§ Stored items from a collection

══════════

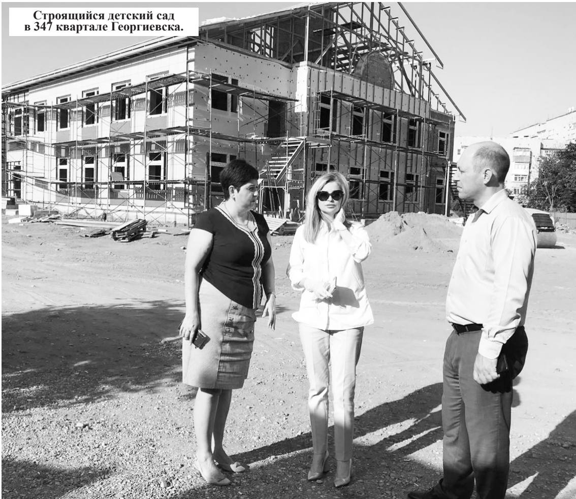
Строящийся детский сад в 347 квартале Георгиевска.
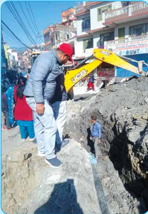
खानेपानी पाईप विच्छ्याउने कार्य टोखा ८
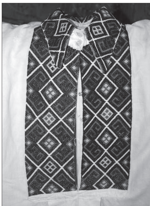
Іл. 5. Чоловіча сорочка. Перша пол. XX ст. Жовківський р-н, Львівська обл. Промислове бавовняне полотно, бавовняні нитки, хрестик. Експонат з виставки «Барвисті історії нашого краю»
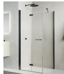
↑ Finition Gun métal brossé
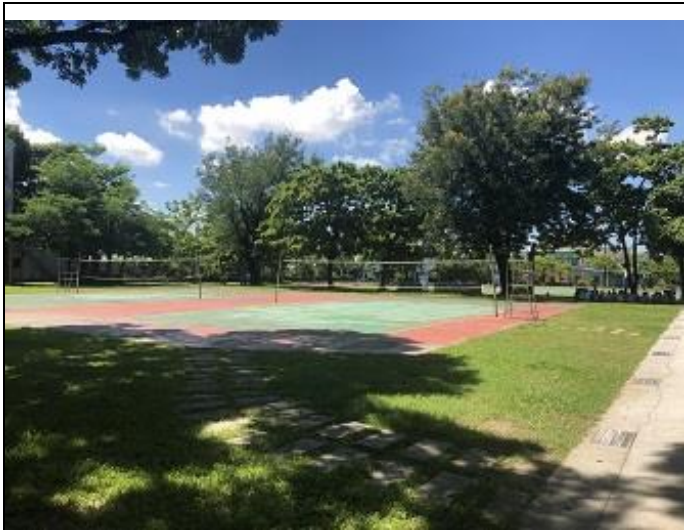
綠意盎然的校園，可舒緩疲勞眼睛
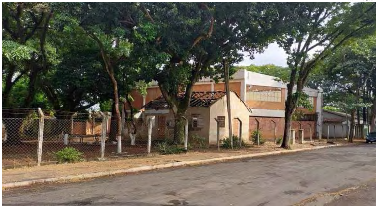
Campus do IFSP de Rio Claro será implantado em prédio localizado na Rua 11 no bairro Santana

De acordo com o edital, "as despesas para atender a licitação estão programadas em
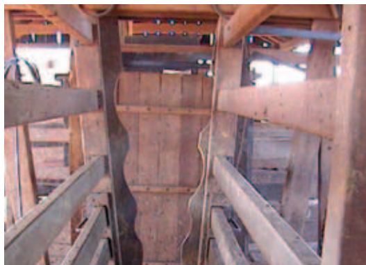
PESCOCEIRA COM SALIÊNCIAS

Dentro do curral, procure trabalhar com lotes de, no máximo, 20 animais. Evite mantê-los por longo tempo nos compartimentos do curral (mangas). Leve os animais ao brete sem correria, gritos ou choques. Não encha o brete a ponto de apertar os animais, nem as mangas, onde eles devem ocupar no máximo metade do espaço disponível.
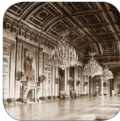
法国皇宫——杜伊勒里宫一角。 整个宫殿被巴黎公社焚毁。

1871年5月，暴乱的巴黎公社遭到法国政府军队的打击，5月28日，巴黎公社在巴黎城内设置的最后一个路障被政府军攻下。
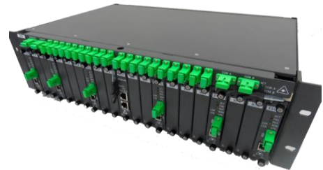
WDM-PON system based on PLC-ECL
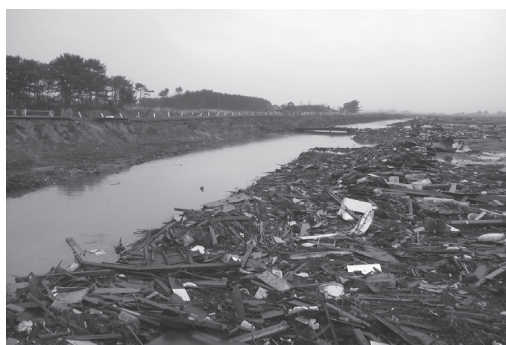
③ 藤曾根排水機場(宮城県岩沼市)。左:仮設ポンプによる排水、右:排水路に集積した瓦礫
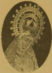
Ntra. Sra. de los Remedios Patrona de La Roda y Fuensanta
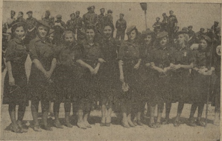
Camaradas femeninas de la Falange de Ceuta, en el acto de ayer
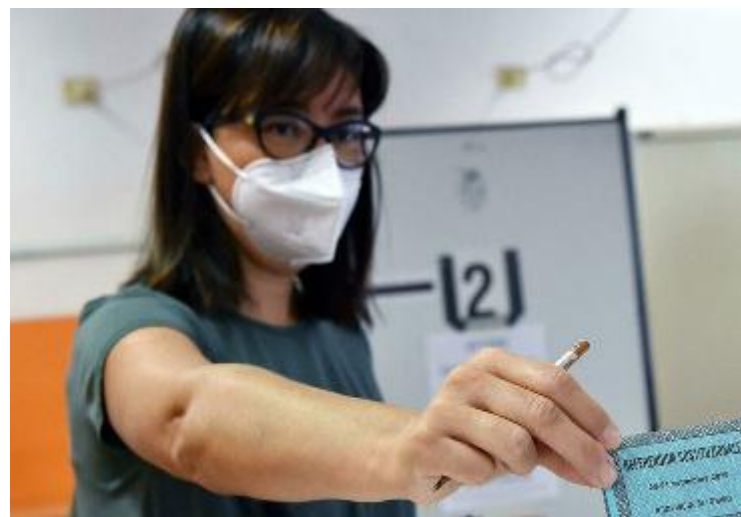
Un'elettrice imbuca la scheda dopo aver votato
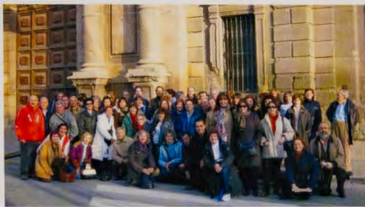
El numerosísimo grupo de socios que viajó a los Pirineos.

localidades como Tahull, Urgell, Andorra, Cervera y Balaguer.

══════════

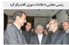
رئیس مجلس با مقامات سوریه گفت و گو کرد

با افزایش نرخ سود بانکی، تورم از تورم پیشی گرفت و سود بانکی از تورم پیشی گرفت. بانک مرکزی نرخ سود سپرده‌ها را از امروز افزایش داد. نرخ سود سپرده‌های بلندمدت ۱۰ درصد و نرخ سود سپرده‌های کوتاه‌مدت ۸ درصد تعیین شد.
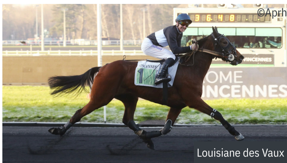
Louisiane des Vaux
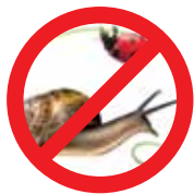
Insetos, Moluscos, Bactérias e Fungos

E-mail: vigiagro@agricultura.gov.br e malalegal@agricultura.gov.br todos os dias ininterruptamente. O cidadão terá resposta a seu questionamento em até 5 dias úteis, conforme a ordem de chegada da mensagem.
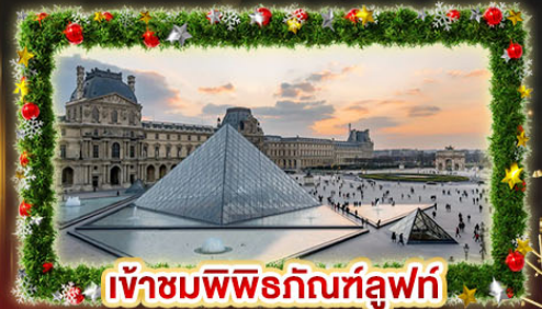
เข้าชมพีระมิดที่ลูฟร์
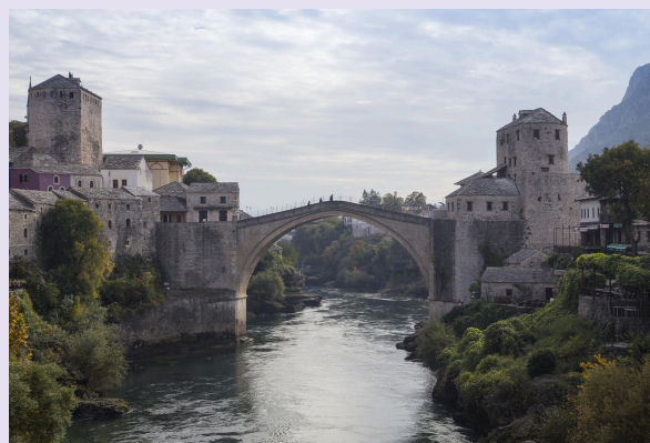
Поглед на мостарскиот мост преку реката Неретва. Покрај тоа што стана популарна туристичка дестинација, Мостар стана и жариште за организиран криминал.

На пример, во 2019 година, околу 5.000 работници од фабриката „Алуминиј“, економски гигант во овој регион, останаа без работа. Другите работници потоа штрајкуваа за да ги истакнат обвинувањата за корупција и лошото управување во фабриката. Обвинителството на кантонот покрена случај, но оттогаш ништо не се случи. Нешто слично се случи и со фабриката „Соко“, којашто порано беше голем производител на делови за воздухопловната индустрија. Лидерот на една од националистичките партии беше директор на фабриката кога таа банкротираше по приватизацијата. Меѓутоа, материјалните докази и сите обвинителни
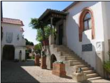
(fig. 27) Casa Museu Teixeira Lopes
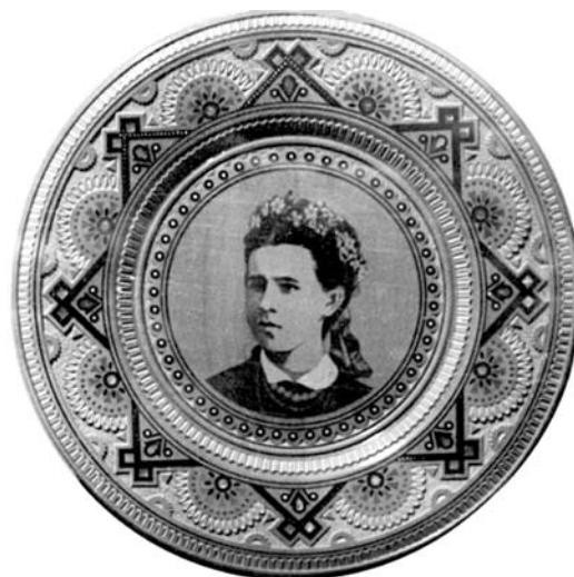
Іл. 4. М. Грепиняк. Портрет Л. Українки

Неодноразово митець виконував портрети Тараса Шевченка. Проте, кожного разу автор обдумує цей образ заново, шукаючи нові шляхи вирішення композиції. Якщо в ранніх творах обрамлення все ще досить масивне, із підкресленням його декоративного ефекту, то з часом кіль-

══════════

§ Requirement
Copy exactly the stretch of data above from the line with "Іл. 4. М. Грепиняк. Портрет Л. Українки" through the line with "Неодноразово митець виконував", and omit all other lines.

§ Task output
Іл. 4. М. Грепиняк. Портрет Л. Українки

Неодноразово митець виконував портрети Тараса Шевченка. Проте, кожного разу автор обдумує цей образ заново, шукаючи нові шляхи вирішення композиції. Якщо в ранніх творах обрамлення все ще досить масивне, із підкресленням його декоративного ефекту, то з часом кіль-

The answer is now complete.